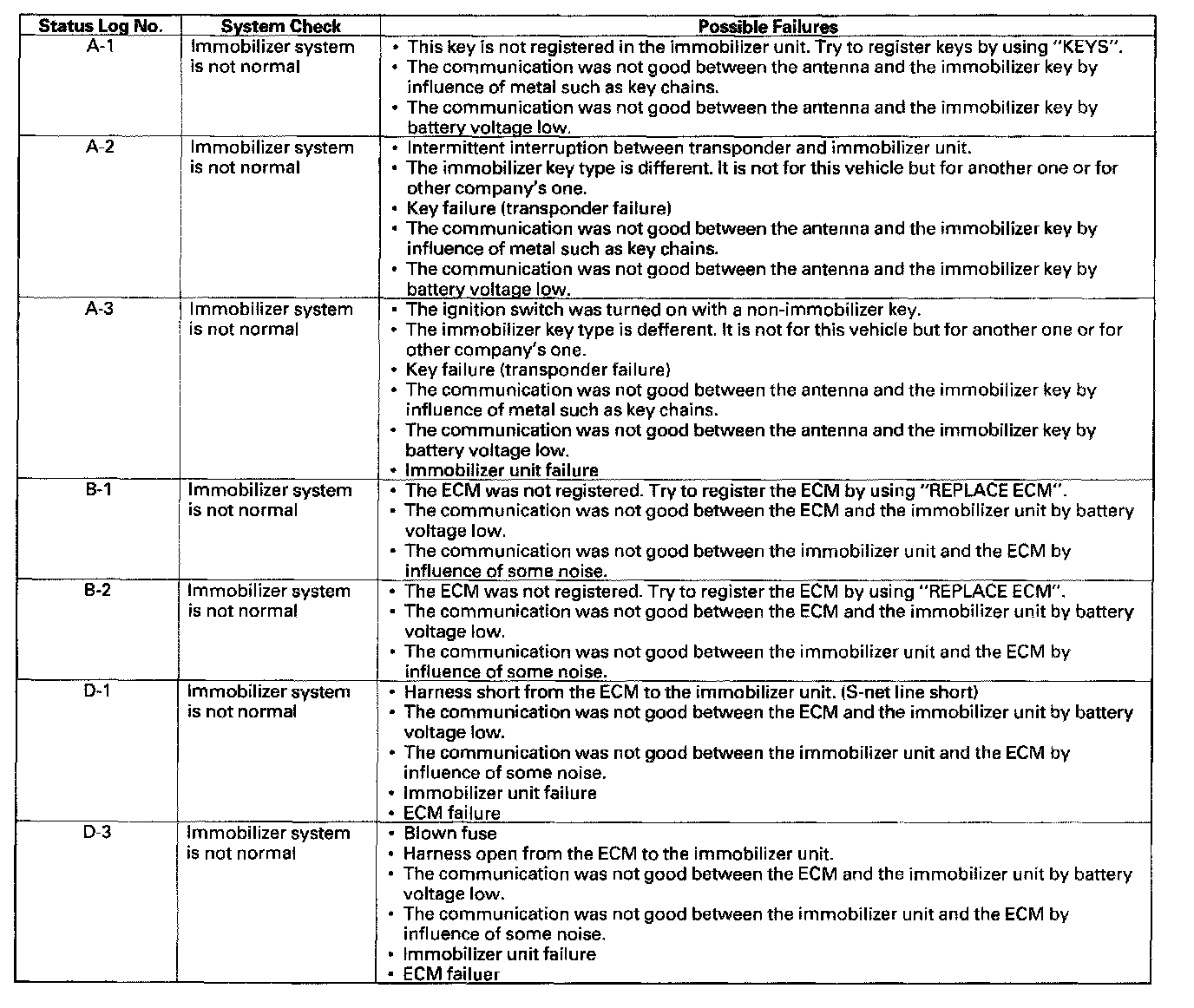 Immobilizer System Check
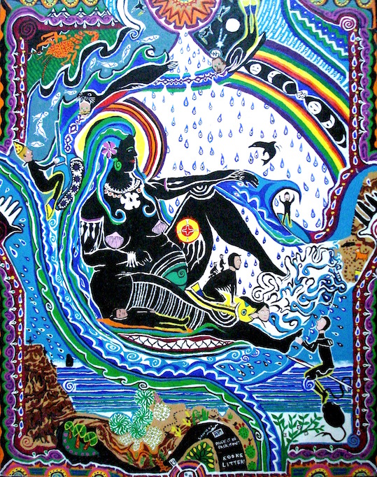 Usually this chapter, I show this painting I made called our Lady of Black’s Beach and tell the story of how Maui was cracked in half by Hine-Nui-Te-Po when he tried to swim up her birth canal. Then go into detail about Dave the Tank marginalies or Bruce the Barbinskate, Jack the lego maniac and Bob the seal who lives with Corona the dog in a shack at Rosarito Mexico by the power plant and taco stands and ship wreck in the line up. That painting is about the landscape called the mother ocean. But I have already told a few surf stories and try not to be repetitious.
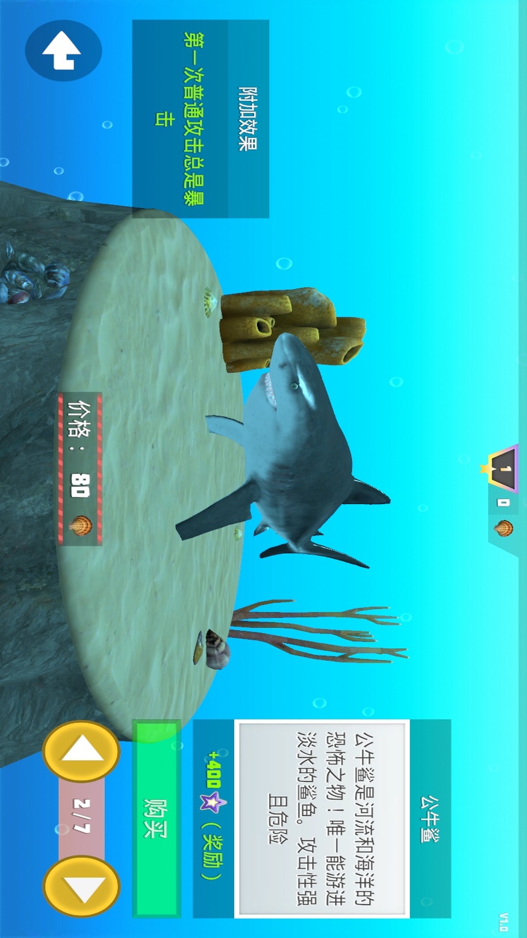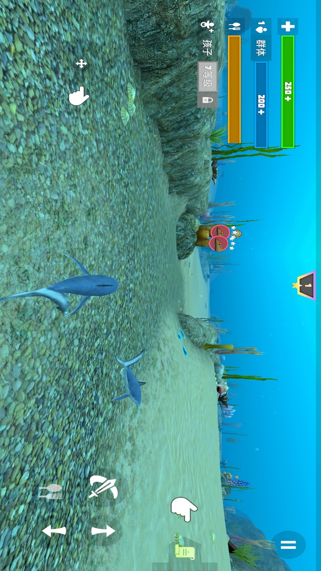 1、尾鳍游动控制。屏幕上有虚拟按键,控制方向很简单。这个设计,新手玩家也能马上上手,不需要练习很久。操作起来,比较流畅。
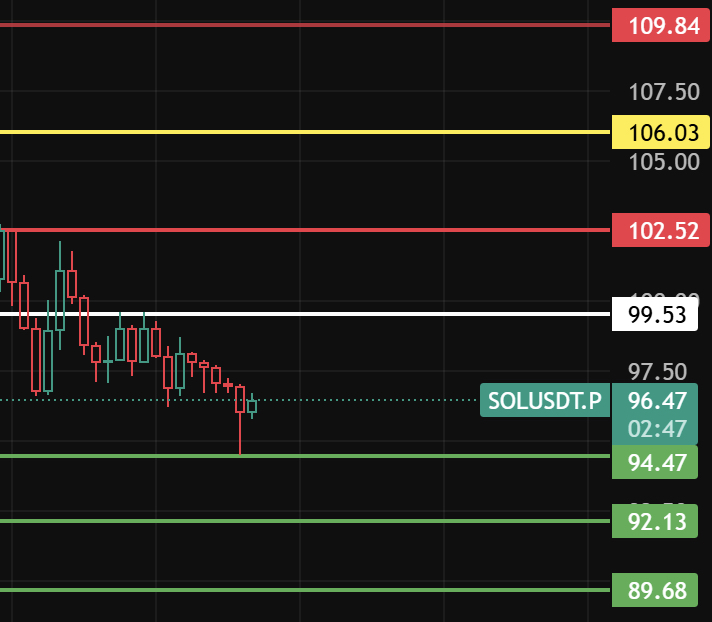 If the 1-2 hour level cannot close above 99 at night, it indicates that the small-level rebound lacks strength. Pay attention to the support levels around 94-92-89 during the next downward test!#solana

**Directions:**
Starting at the line with "Usually this chapter, I", output each line through the final one of the listing above, and nothing else. Pictures are to be left out.

**Result of the exercise:**
 Usually this chapter, I show this painting I made called our Lady of Black’s Beach and tell the story of how Maui was cracked in half by Hine-Nui-Te-Po when he tried to swim up her birth canal. Then go into detail about Dave the Tank marginalies or Bruce the Barbinskate, Jack the lego maniac and Bob the seal who lives with Corona the dog in a shack at Rosarito Mexico by the power plant and taco stands and ship wreck in the line up. That painting is about the landscape called the mother ocean. But I have already told a few surf stories and try not to be repetitious.
 1、尾鳍游动控制。屏幕上有虚拟按键,控制方向很简单。这个设计,新手玩家也能马上上手,不需要练习很久。操作起来,比较流畅。
 If the 1-2 hour level cannot close above 99 at night, it indicates that the small-level rebound lacks strength. Pay attention to the support levels around 94-92-89 during the next downward test!#solana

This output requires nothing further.